NEW YORK — As the nation’s houses of worship weigh how and when to resume in-person gatherings while coronavirus stay-at-home orders ease in some areas, a new poll points to a partisan divide over whether restricting those services violates religious freedom.

Questions about whether states and localities could restrict religious gatherings to protect public health during the pandemic while permitting other secular activities have swirled for weeks and resulted in more than a dozen legal challenges that touch on freedom to worship.

President Donald Trump’s administration has sided with two churches contesting their areas’ pandemic-related limits on in-person and drive-in services — a stance that appeals to his conservative base, according to the new poll by The University of Chicago Divinity School and The Associated Press-NORC Center for Public Affairs Research.

The poll found Republicans are more likely than Democrats to say prohibiting in-person services during the coronavirus outbreak violates religious freedom, 49% to 21%.

A majority of Democrats, 58%, say they think in-person religious services should not be allowed at all during the pandemic, compared with 34% of Republicans who say the same. Among Republicans, most of the remainder — 48% — think they should be allowed with restrictions, while 15% think they should be allowed without restrictions.
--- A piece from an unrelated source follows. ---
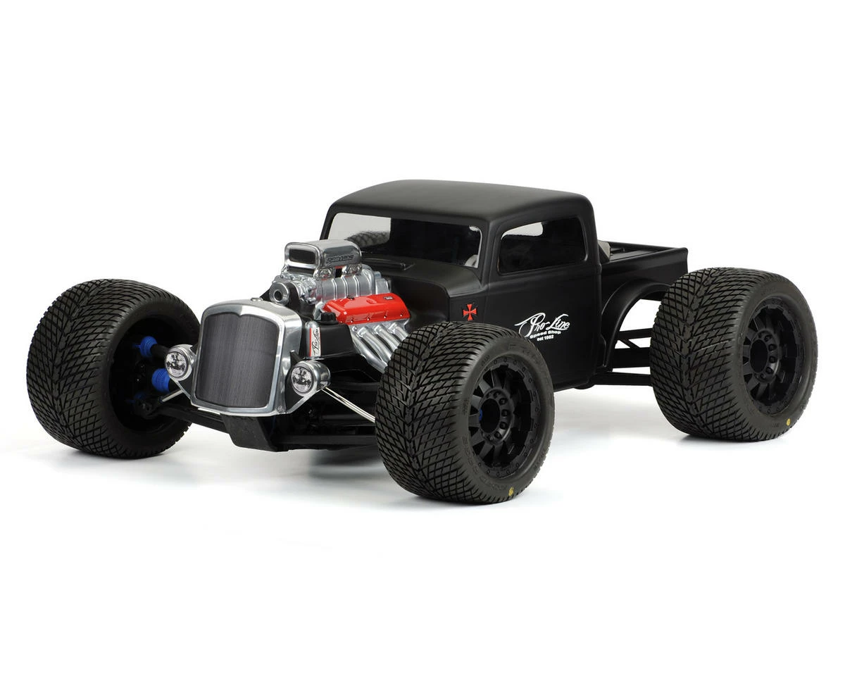 Pro-Line is bringing the old-school custom craze to the RC world with a Rat Rod for your REVO® 3.3, E-REVO® and Summit® trucks! Pro-Line’s Rat Rod body creation was first released for the 1:16 E-REVO class and was featured on one of the most viewed YouTube videos in Pro-Line history. Pro-Line wanted to improve on the design and provide a low profile hard top Roadster with a large front grill and round head lights – perfect for impressing your friends.

Just 5% of Democrats favour unrestricted in-person worship, and 38% think it should be permitted with restrictions.

Caught between the poles of the debate are Americans like Stanley Maslowski, 83, a retired Catholic priest in St. Paul, Minn., and an independent who voted for Trump in 2016 but is undecided this year. Maslowski was of two minds about a court challenge by Kentucky churches that successfully exempted in-person religious services from the temporary gathering ban issued by that state’s Democratic governor.

“On the one hand, I think it restricts religious freedom,” Maslowski said of the Kentucky ban. “On the other hand, I’m not sure if some of that restriction is warranted because of the severity of the contagious virus. It’s a whole new situation.”

The unprecedented circumstance of a highly contagious virus whose spread was traced back, in some regions, to religious gatherings prompted most leaders across faiths to suspend in-person worship during the early weeks of the pandemic. But it wasn’t long before worship restrictions prompted legal skirmishes from Kansas to California, with several high-profile cases championed by conservative legal nonprofits that have allied with the Trump administration’s past elevation of religious liberty.

One of those conservative nonprofits, the First Liberty Institute, spearheaded a Tuesday letter asking federal lawmakers to extend liability protections from coronavirus-related negligence lawsuits to religious organizations in their next coronavirus relief legislation.

Shielding houses of worship from potential legal liability would “reassure ministries that voluntarily closed that they can reopen,” the First Liberty-led letter states.